Yellowstone Grizzly Population Increasing

BILLINGS, Mont. -- Federal wildlife officials say they plan to propose ending Endangered Species Act protection for grizzly bears around Yellowstone National Park.

The U.S. Fish and Wildlife Service could make the proposal as early as next month, said Chris Servheen, grizzly recovery coordinator with the U.S. Fish and Wildlife Service. He said delisting is being considered because the bear population has been growing steadily and adequate protections are in place for the bears and their habitat.

"We're on the verge of doing what we set out to do," Servheen said. "If I wasn't comfortable, I wouldn't be doing this."

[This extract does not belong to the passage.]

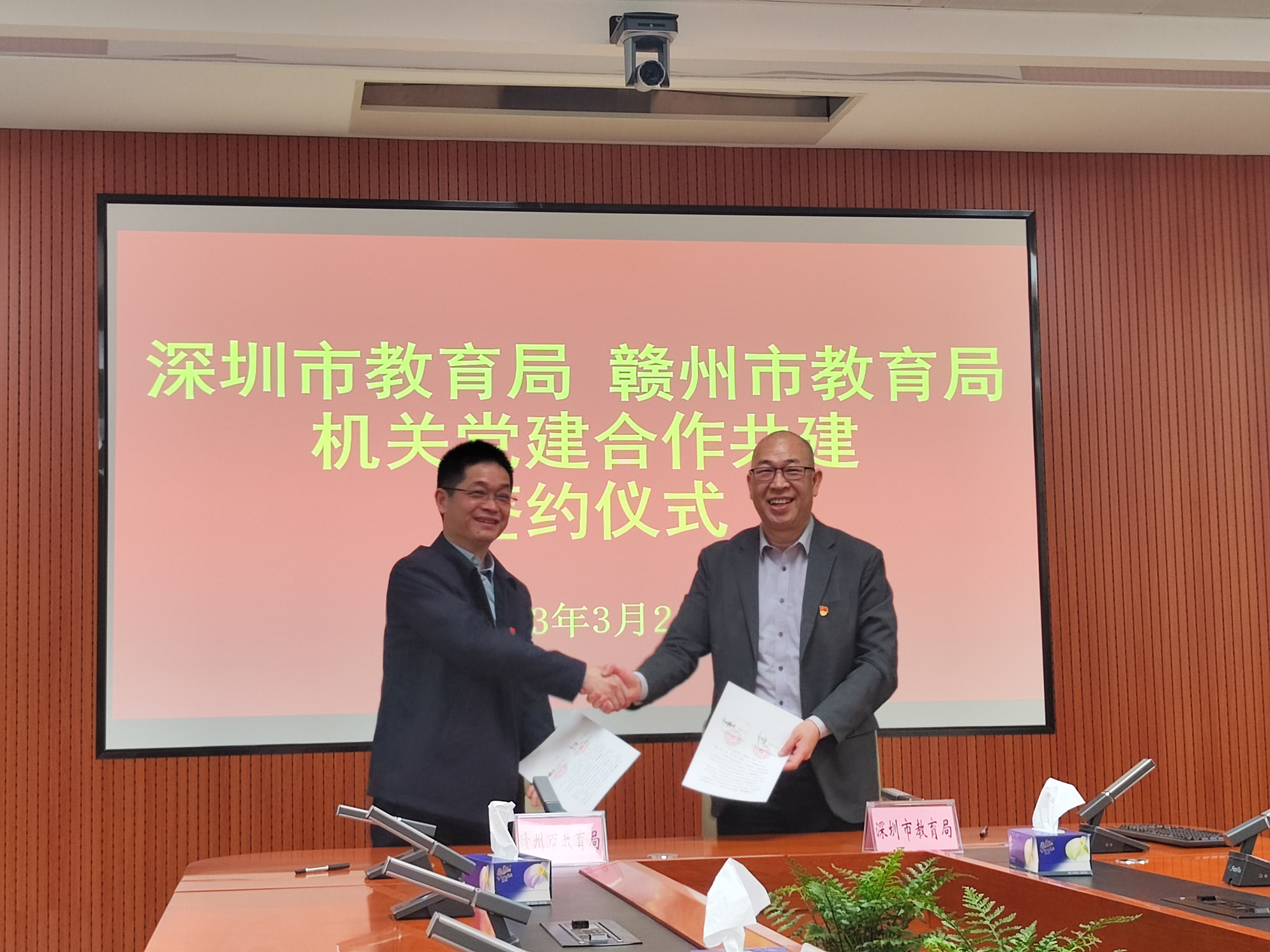 在深圳市教育局,胡敦祥一行与深圳市委教育工委副书记、深圳市教育局机关党委书记杨平及机关党委(人事处)负责同志进行了座谈交流。双方明确,以签约共建为契机,深入贯彻落实《深圳市与365bet体育投_28365-365_365bet娱乐场对口合作实施方案(2023-2027年)》精神,建立机关党建合作共建工作机制,积极开展组织共建、队伍共育、典型共树、履职共促、活动共办、群团共建,提高双方机关党建工作水平。双方商定,将于每年年初进行会商,制订年度合作交流、共建共享计划;充分发挥结对共建双方机关党组织的优势,常态化交流党的组织建设工作经验;组织党员代表在深圳或赣州共同过组织生活,共同开展“三会一课”、党员培训和党日活动;适时组织两地教育系统的优秀党员、先进模范举办座谈会、分享交流会、先进事迹报告会,鼓励两地党员创先争优,发挥先锋模范作用;发挥共建平台优势,携手研究两地教育发展需求、教育改革等课题,加强沟通合作,促进信息互通、工作互信、发展互利、成果共享。同时,双方明确,赣州方面将充分发挥红色资源优势,为深圳市教育局机关和直属单位党员干部来赣州开展革命传统教育和红色研学活动提供必要的支持和帮助;深圳方面将充分发挥地处我国改革开放最前沿优势,为365bet体育投_28365-365_365bet娱乐场教育局机关和直属单位党员干部到深圳参观考察和学习培训提供必要的支持和帮助。

Delisting would not automatically make the bears vulnerable to hunting. Instead, states would protect and control the bear population under their existing federally-approved bear management plans.

Nonetheless, some conservationists say federal officials are moving too fast to end protection. They say the bears' habitat continues to be threatened by oil and gas development and housing in rural areas.

"We shouldn't be taking chances with this icon species," said Janet Barwick, a Wild Bears Project associate with the Natural Resources Defense Council. Barwick said her group would fight the delisting proposal.

Grizzlies have been listed as threatened in the region for 30 years. More than 600 are estimated to live in the Yellowstone ecosystem, a vast swath of Wyoming, Montana and Idaho.

Their removal from federal protection could not come soon enough for some who think the population has grown too large. Bucky Hall, a county commissioner in Park County, Wyo., near Yellowstone, said bears are "just pouring out of the park, literally."

"You'd be hard pressed to find anyone on the ground who doesn't think there are enough bears," he said.

The U.S. Fish and Wildlife Service will make the final decision on the delisting proposal. It is not expected until sometime next year, Servheen said.